## Your task:
Going from the line that contains "Высота потолков 3.2" through the last line of the records, set down each line again exactly, both included, with pictures left out.

--- Records provided ---

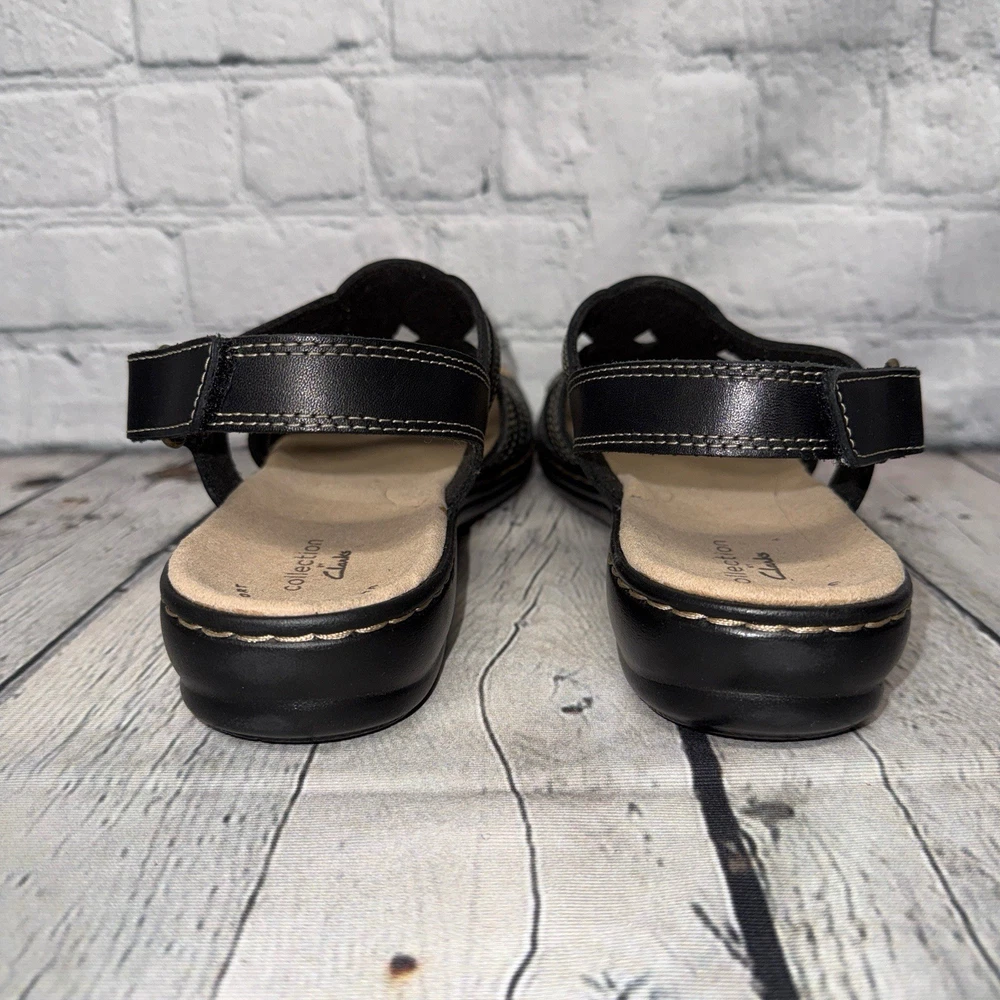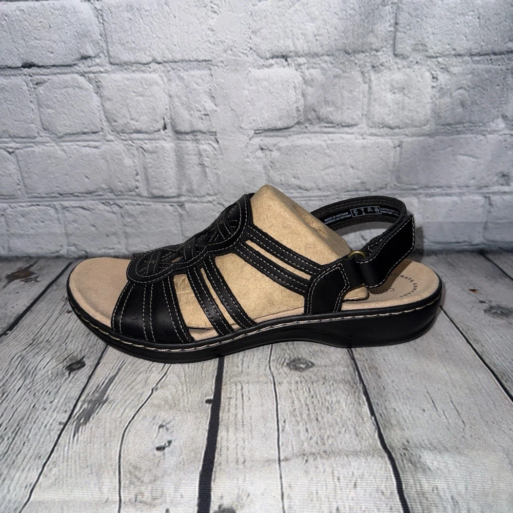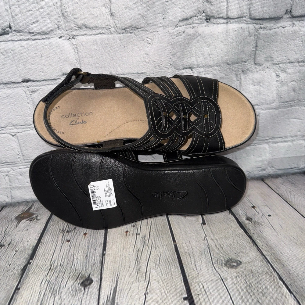 NWT! Collection by Clark’s size 7 Leisa Janna sandals in black. Genuine leather upper. Open round toe. Cushioned insole & lightweight flexible rubber outsole. Adjustable velcro ankle strap. 1.5” wedge heel. Price tag: $105.00
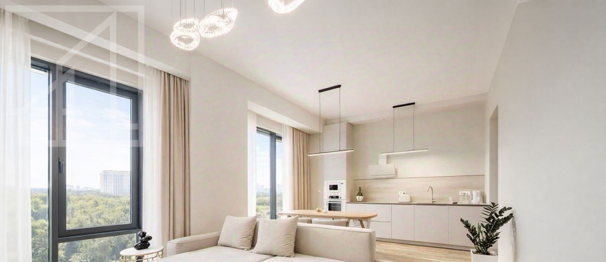 Высота потолков 3.2 м. Планировка: одна спальня, кухня-гостиная, холл, один санузел, гардеробная и лоджия, постирочная комната. В квартире выполнен качественный ремонт. Окна выходят на юго-западную сторону с панорамными видами.
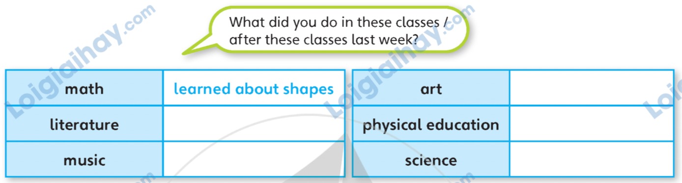 (Hãy kể về những gì bạn đã làm ở trường tuần trước.)
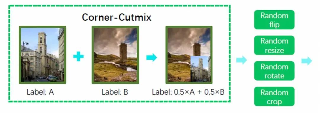 结合地标图像的多遮挡、多尺度、多目标的特点,我们简化了CutMix的操作,简单地把把图像A的原图进行缩放,并遮挡到图像B的任意一个角落上,生成了一个有多目标物的地标图。
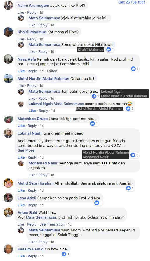 The feasting continued. Dec 23 Sun, acoompany-ing Lokmal and Che Lah visiting Md Nor in Salak Tinggi. Four of us have the common denominator of UDM-UNISZA. In particular, Lokmal, a FRIM staff, he's a PhD graduate of Unisza, the first, 2012 conferment, since the birth of UDM in 2006. The visit ended in an eatery in Nilai vicinity, said to be highly Nismilan in nature.

---

## Result of this task:
 Высота потолков 3.2 м. Планировка: одна спальня, кухня-гостиная, холл, один санузел, гардеробная и лоджия, постирочная комната. В квартире выполнен качественный ремонт. Окна выходят на юго-западную сторону с панорамными видами.
 (Hãy kể về những gì bạn đã làm ở trường tuần trước.)
 结合地标图像的多遮挡、多尺度、多目标的特点,我们简化了CutMix的操作,简单地把把图像A的原图进行缩放,并遮挡到图像B的任意一个角落上,生成了一个有多目标物的地标图。
 The feasting continued. Dec 23 Sun, acoompany-ing Lokmal and Che Lah visiting Md Nor in Salak Tinggi. Four of us have the common denominator of UDM-UNISZA. In particular, Lokmal, a FRIM staff, he's a PhD graduate of Unisza, the first, 2012 conferment, since the birth of UDM in 2006. The visit ended in an eatery in Nilai vicinity, said to be highly Nismilan in nature.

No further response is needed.